→ **ASSIGNMENT**: Begin at the line that has "7.3.1 Buy Gloucester", stop after the line that has "기준3. 2번 후 강하게", and print exactly those lines from the records below, without any pictures.

→ **DATASET CONTENT**:

========================================================================

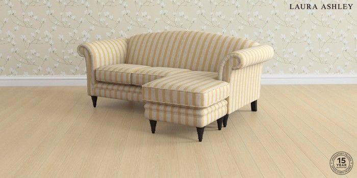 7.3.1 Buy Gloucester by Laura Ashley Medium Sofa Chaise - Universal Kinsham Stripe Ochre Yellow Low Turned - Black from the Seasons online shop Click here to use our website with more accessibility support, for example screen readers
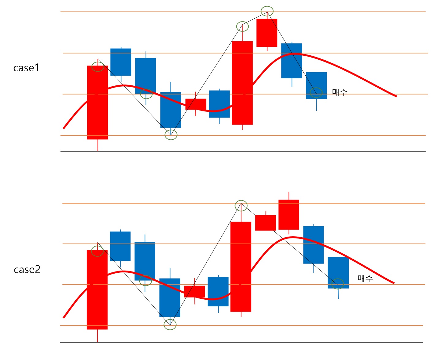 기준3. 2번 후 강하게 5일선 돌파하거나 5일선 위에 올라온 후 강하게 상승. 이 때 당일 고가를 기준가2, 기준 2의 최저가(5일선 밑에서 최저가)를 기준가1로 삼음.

========================================================================

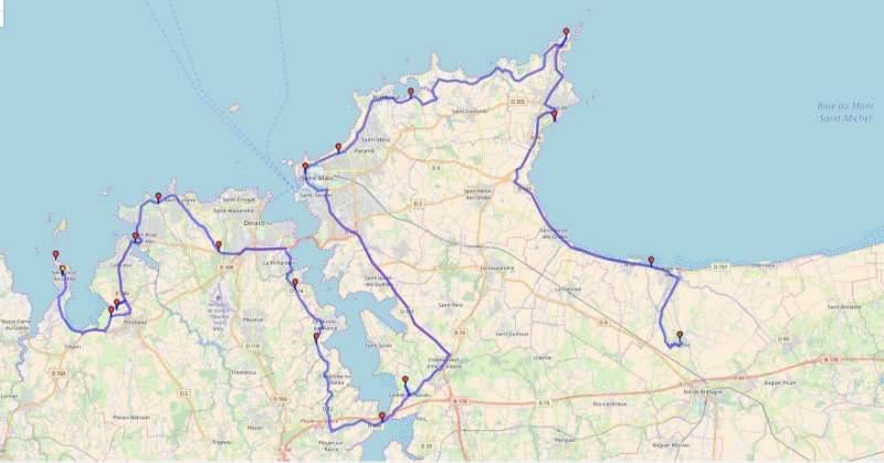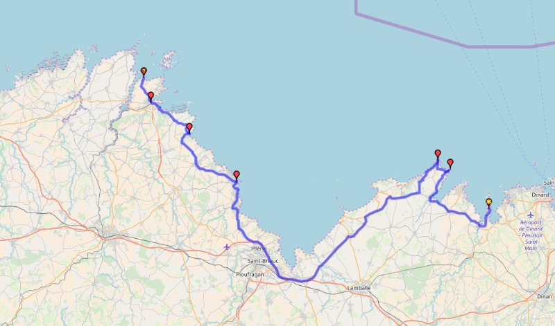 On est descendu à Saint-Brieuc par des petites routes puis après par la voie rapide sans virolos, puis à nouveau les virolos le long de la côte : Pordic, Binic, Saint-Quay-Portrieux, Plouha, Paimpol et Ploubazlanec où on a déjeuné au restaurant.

========================================================================

→ **RESPONSE TO THIS EXERCISE**:
 7.3.1 Buy Gloucester by Laura Ashley Medium Sofa Chaise - Universal Kinsham Stripe Ochre Yellow Low Turned - Black from the Seasons online shop Click here to use our website with more accessibility support, for example screen readers
 기준3. 2번 후 강하게 5일선 돌파하거나 5일선 위에 올라온 후 강하게 상승. 이 때 당일 고가를 기준가2, 기준 2의 최저가(5일선 밑에서 최저가)를 기준가1로 삼음.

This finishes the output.